Bereits jetzt starke Verkehrsbelastung

Aber angesichts der auch ohne Hillwood bereits schwierigen Situation - Penny-Markt, weitere Einkaufsmöglichkeiten, hinzu kommt der Verkehr von und zum Kuppelsteinbad -, sei eine Kreisellösung favorisiert worden.

Nach neuesten Erkenntnissen und Modellrechnungen sei eine vierarmige Variante angemessen. Nicht zuletzt, um in Spitzenzeiten einen langen Rückstau zu vermeiden: Über die Schlotteräxt-Brücke bis in die Ottenauer Hauptstraße hinein würden sich sonst die Fahrzeuge stauen. Zunächst einmal muss aber das Bebauungsplanverfahren durchlaufen werden, auch Grundstückskäufe stehen noch an, führte der Bürgermeister aus. Somit könne ein Baubeginn in zwei Jahren realistisch sein.

Die bereits vorhandene Belastung Ottenaus durch den Lkw-Verkehr wurde während des Rundgangs einige Male von Bürgern moniert. "Wir sind im Moment im oberen Bereich, was die Belastung durch Lärm und Verkehr angelangt", sagte eine Teilnehmerin. Auch die Stellplatzsuche gilt hierbei als Übel. "Die Lagerhaltung ist auf die Straßen verlagert worden, die Brummifahrer sind die Ärmsten dabei", gab Pfeiffer zu bedenken. Konsequenz aus dieser Entwicklung: Entlang der großen Lkw-Strecken werde es bundesweit weitere Lkw-Parkplätze brauchen.

Spannungsfeld von Wohnen und Arbeiten

Auch dem Produktionslärm aus den einzelnen Betrieben widmet man in Ottenau Aufmerksamkeit. Die stellvertretende CDU-Fraktionsvorsitzende Dorothea Maisch richtete das Augenmerk auf das Spannungsfeld von Wohnen und Arbeiten.

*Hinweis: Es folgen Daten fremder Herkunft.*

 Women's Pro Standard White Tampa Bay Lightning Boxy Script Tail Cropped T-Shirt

Im Februar wollen beispielsweise die Betriebe Holzbau Hurrle und Rollladenbau Hurrle ihren neuen Standort am Pionierweg in Betrieb nehmen. Bekanntlich verlassen sie die Viktoriastraße und deren beengte Verhältnisse. Durch hochwertige Baustoffe und Abschirmung werde man Sorge tragen, dass die Grenzwerte bei den Lärmimmissionen in der Nachbarschaft eingehalten werden, versicherte Geschäftsführer Simon Baumann.

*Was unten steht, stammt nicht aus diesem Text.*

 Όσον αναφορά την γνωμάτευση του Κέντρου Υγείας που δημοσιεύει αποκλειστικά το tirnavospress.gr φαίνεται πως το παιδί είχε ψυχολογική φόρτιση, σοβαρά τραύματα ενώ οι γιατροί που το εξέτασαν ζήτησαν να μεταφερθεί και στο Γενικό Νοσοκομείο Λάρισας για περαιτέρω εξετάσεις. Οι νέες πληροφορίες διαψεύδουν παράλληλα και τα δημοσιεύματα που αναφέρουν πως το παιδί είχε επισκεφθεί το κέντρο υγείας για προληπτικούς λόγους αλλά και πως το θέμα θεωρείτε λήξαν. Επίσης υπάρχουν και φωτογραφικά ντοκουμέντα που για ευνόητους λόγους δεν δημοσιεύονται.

Bürgermeister Michael Pfeiffer seinerseits rief die positiven Aspekte in Erinnerung, die durch die Firmenverlagerung zum Tragen kämen. Einem "jungen aufstrebenden Betrieb" könne man nun hervorragende Bedingungen bieten. Für das bisherige Hurrle-Gelände könne Wohnbebauung sinnvoll sein, doch sei hierüber noch keine Entscheidung gefallen.

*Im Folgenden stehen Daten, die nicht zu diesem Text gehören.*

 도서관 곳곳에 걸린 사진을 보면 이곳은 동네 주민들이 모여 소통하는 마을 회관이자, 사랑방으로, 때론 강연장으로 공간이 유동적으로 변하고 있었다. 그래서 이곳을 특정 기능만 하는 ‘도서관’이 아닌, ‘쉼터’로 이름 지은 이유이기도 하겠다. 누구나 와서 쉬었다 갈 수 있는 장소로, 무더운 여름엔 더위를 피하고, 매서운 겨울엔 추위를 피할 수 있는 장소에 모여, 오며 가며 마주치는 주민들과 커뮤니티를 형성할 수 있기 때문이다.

Nicht nur potenzielle Wohnbauflächen sind in jüngster Zeit ins Blickfeld von Investoren gerückt, wobei diese mittlerweile auch Areale für interessant erachteten, die bislang eher für Gewerbe in Betracht zu kommen schienen. In Ottenau gibt es noch zwischen Steinbeis-Akademie und Merkurschule Gewerbeflächen. Bei deren Entwicklung werde aber auch der "der Lärmschutz eine wichtige Rolle spielen", betonte der Bürgermeister.